From 7800734637d9982b3aab9f4606f6f06456073a83 Mon Sep 17 00:00:00 2001
From: Titus von Koeller <9048635+Titus-von-Koeller@users.noreply.github.com>
Date: Tue, 23 Jul 2024 19:13:24 +0000
Subject: [PATCH 35/54] Changelog: add explanation r. QLoRA mem savings

---
 CHANGELOG.md | 8 ++++++++
 1 file changed, 8 insertions(+)

diff --git a/CHANGELOG.md b/CHANGELOG.md
index 8ad648df1..ed324f09e 100644
--- a/CHANGELOG.md
+++ b/CHANGELOG.md
@@ -1,5 +1,13 @@
 ### 0.43.2
 
+This release is quite significant as the QLoRA bug fix big implications for higher `seqlen` and batch sizes.
+
+For each sequence (i.e. batch size increase of one) we expect memory savings of:
+- 405B: 39GB for `seqlen=1024`, and 4888GB for `seqlen=128,00`
+- 70B: 10.1GB for `seqlen=1024` and  1258GB for `seqlen=128,00`
+
+This was due to activations being unnecessary for frozen parameters, yet the memory for them was still erroneously allocated due to the now fixed bug.
+
 #### Improvements:
 
 - docs: FSDP+QLoRA and CPU install guide (#1211 #1227, thanks @stevhliu)

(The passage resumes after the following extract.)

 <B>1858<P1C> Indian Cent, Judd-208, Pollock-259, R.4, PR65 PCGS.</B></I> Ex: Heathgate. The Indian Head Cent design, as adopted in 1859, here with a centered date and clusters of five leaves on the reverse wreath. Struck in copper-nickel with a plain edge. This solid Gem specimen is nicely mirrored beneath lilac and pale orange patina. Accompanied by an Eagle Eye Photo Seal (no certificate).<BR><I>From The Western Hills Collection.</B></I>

From 24f7b652cec822849fba69c583b8e73d84446627 Mon Sep 17 00:00:00 2001
From: Titus von Koeller <9048635+Titus-von-Koeller@users.noreply.github.com>
Date: Sat, 27 Jul 2024 14:08:30 +0000
Subject: [PATCH 36/54] docs: cleanup of compilation instructions

---
 docs/source/installation.mdx | 14 +++++++-------
 1 file changed, 7 insertions(+), 7 deletions(-)

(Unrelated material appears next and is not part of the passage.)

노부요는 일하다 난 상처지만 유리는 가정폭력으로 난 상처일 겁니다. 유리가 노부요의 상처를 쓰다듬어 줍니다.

diff --git a/docs/source/installation.mdx b/docs/source/installation.mdx
index 2f8fe4db7..f917f2623 100644
--- a/docs/source/installation.mdx
+++ b/docs/source/installation.mdx
@@ -2,7 +2,7 @@
 
 ## CUDA
 
-bitsandbytes is only supported on CUDA GPUs for CUDA versions **11.0 - 12.5**. There's a multi-backend effort under way which is currently in alpha release, see further down in this document.
+bitsandbytes is only supported on CUDA GPUs for CUDA versions **11.0 - 12.5**. However, there's a multi-backend effort under way which is currently in alpha release, check [the respective section below in case you're interested to help us with early feedback](#multi-backend).
 
 The latest version of bitsandbytes builds on:
 
@@ -134,7 +134,7 @@ export LD_LIBRARY_PATH=$LD_LIBRARY_PATH:/home/YOUR_USERNAME/local/cuda-11.7
 
 3. Now when you launch bitsandbytes with these environment variables, the PyTorch CUDA version is overridden by the new CUDA version (in this example, version 11.7) and a different bitsandbytes library is loaded.
 
-## Multi-backend preview release (+ compilation)
+## Multi-backend preview release compilation[[multi-backend]]
 
 Please follow these steps to install bitsandbytes with device-specific backend support other than CUDA:
 
@@ -143,11 +143,10 @@ Please follow these steps to install bitsandbytes with device-specific backend s
 
 ### AMD GPU
 
-For a ROCm specific install:
+bitsandbytes is fully supported from ROCm 6.1 onwards (currently in alpha release).
 
-bitsandbytes is fully supported from ROCm 6.1.
-
-**Note:** If you already installed ROCm and PyTorch, skip docker steps below and please check that the torch version matches your ROCm install. To install torch for a specific ROCm version, please refer to step 3 of wheels install in [Installing PyTorch for ROCm](https://rocm.docs.amd.com/projects/install-on-linux/en/latest/how-to/3rd-party/pytorch-install.html#using-wheels-package) guide.
+> [!TIP]
+> If you already installed ROCm and PyTorch, skip Docker steps below and please check that the torch version matches your ROCm install. To install torch for a specific ROCm version, please refer to step 3 of wheels install in [Installing PyTorch for ROCm](https://rocm.docs.amd.com/projects/install-on-linux/en/latest/how-to/3rd-party/pytorch-install.html#using-wheels-package) guide.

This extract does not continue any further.